Once you find the line below that contains "- 1752Требование комиссионера", write it out along with every later line exactly as given, stopping only when the records end. Omit the pictures.

Excerpted records:
§
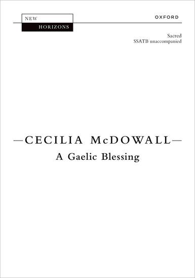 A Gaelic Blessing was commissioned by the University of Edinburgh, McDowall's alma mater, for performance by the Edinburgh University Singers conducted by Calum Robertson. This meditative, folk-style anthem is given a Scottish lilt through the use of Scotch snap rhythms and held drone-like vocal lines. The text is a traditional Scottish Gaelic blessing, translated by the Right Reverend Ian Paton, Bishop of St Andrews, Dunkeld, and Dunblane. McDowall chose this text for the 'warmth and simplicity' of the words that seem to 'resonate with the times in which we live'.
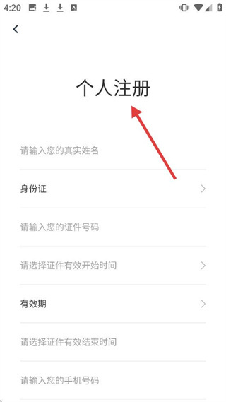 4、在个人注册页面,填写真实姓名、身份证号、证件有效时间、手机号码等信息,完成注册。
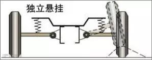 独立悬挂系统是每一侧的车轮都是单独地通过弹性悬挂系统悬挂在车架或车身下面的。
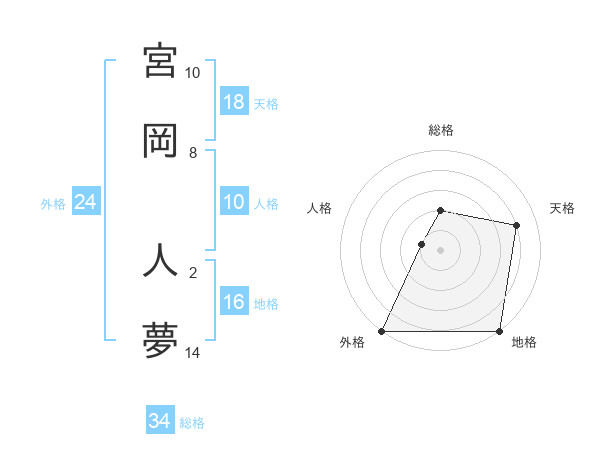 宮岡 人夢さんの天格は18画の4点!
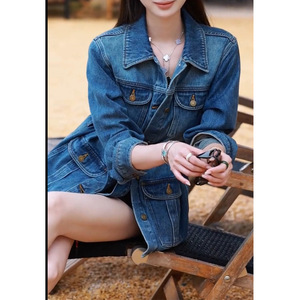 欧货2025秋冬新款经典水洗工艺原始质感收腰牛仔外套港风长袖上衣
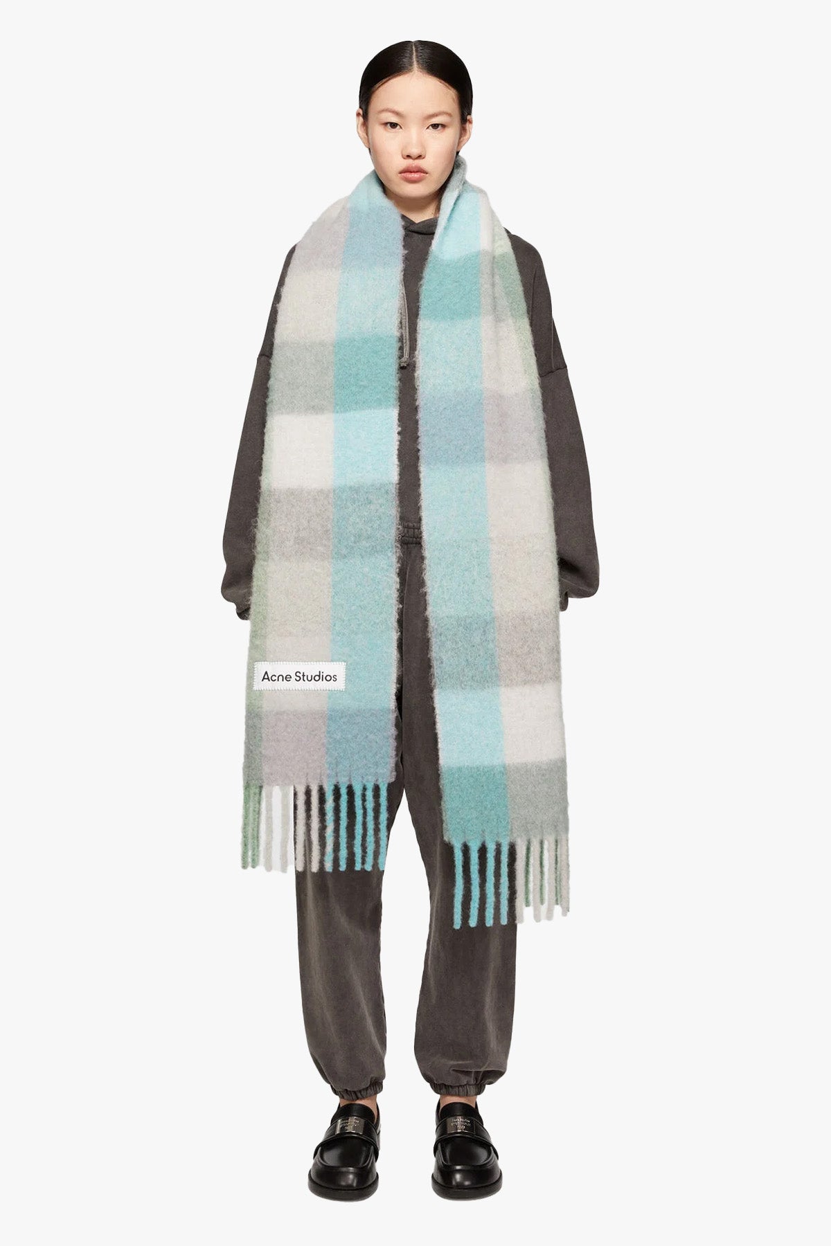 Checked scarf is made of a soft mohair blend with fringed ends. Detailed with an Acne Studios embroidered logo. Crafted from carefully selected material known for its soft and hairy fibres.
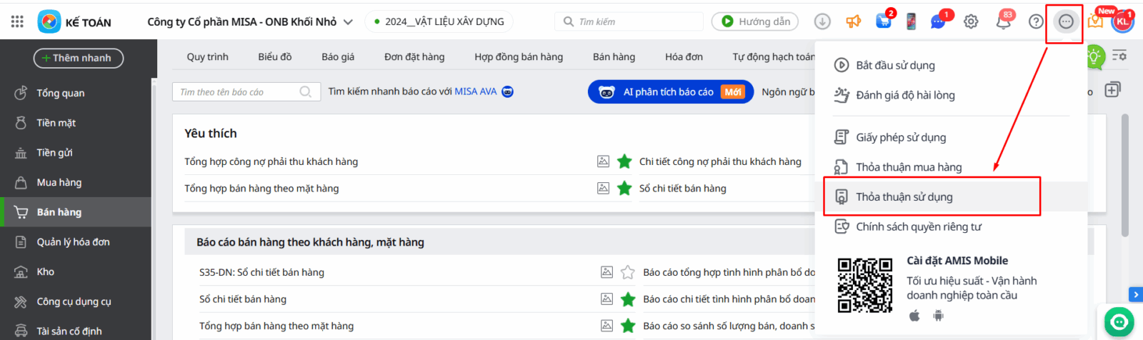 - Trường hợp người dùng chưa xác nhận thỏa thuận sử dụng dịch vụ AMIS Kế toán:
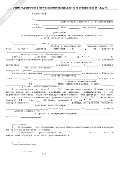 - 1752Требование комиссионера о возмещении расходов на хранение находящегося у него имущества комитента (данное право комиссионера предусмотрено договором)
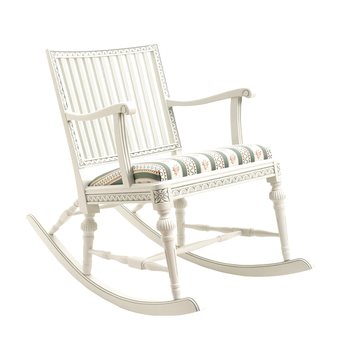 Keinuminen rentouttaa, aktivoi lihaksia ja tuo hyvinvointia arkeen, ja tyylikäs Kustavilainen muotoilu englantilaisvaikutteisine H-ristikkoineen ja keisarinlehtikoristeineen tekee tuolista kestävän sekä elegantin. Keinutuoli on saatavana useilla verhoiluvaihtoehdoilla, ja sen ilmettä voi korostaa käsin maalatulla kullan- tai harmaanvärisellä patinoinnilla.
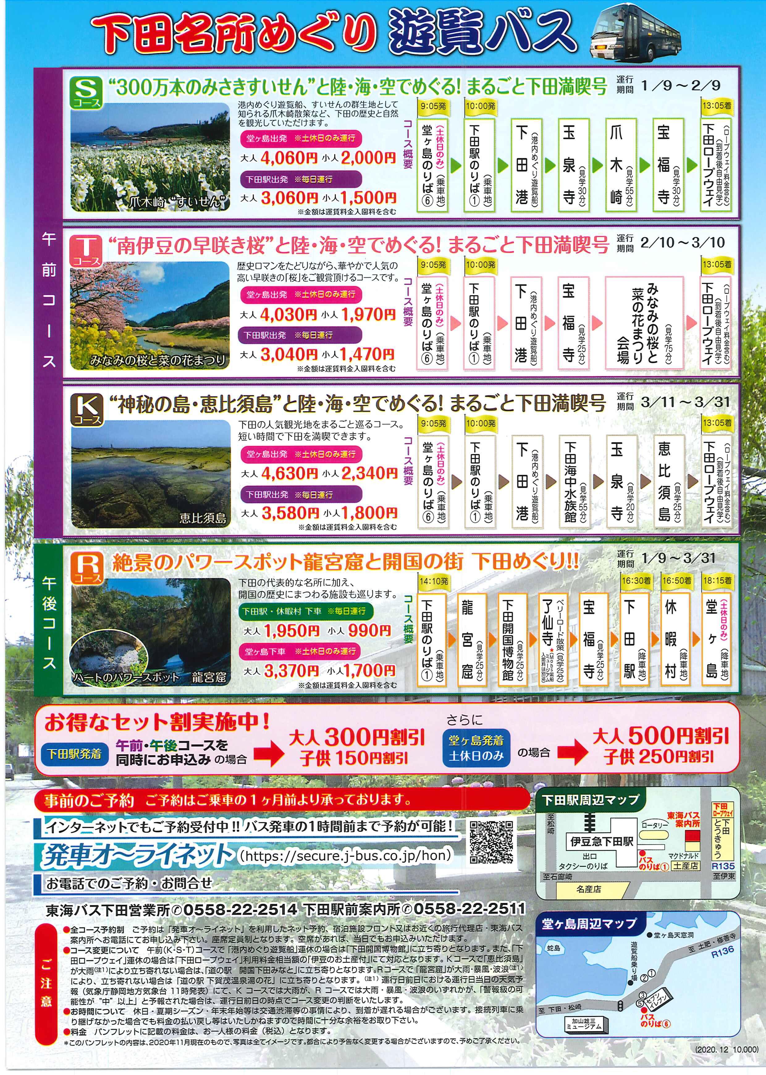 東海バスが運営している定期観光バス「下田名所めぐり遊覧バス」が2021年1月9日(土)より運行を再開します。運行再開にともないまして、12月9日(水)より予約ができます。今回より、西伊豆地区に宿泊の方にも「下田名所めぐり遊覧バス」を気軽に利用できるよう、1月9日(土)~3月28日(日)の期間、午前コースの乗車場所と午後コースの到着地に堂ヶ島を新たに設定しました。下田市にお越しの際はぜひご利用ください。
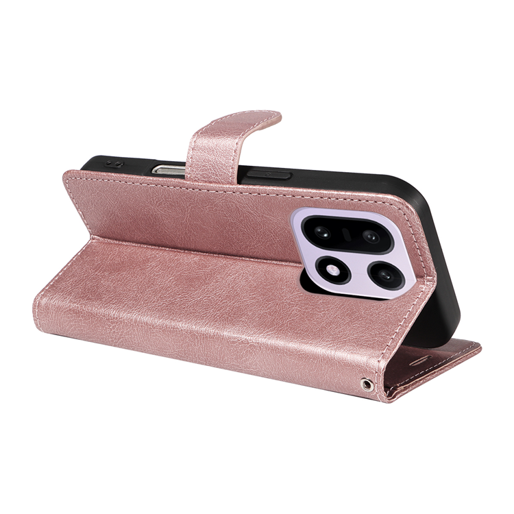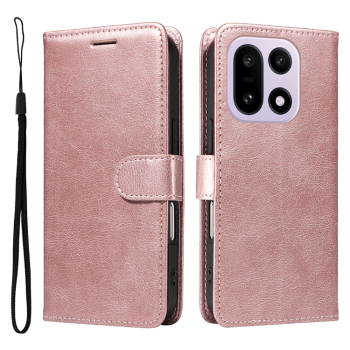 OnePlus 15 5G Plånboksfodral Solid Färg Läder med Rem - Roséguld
§
Answer section:
 - 1752Требование комиссионера о возмещении расходов на хранение находящегося у него имущества комитента (данное право комиссионера предусмотрено договором)
 Keinuminen rentouttaa, aktivoi lihaksia ja tuo hyvinvointia arkeen, ja tyylikäs Kustavilainen muotoilu englantilaisvaikutteisine H-ristikkoineen ja keisarinlehtikoristeineen tekee tuolista kestävän sekä elegantin. Keinutuoli on saatavana useilla verhoiluvaihtoehdoilla, ja sen ilmettä voi korostaa käsin maalatulla kullan- tai harmaanvärisellä patinoinnilla.
 東海バスが運営している定期観光バス「下田名所めぐり遊覧バス」が2021年1月9日(土)より運行を再開します。運行再開にともないまして、12月9日(水)より予約ができます。今回より、西伊豆地区に宿泊の方にも「下田名所めぐり遊覧バス」を気軽に利用できるよう、1月9日(土)~3月28日(日)の期間、午前コースの乗車場所と午後コースの到着地に堂ヶ島を新たに設定しました。下田市にお越しの際はぜひご利用ください。
 OnePlus 15 5G Plånboksfodral Solid Färg Läder med Rem - Roséguld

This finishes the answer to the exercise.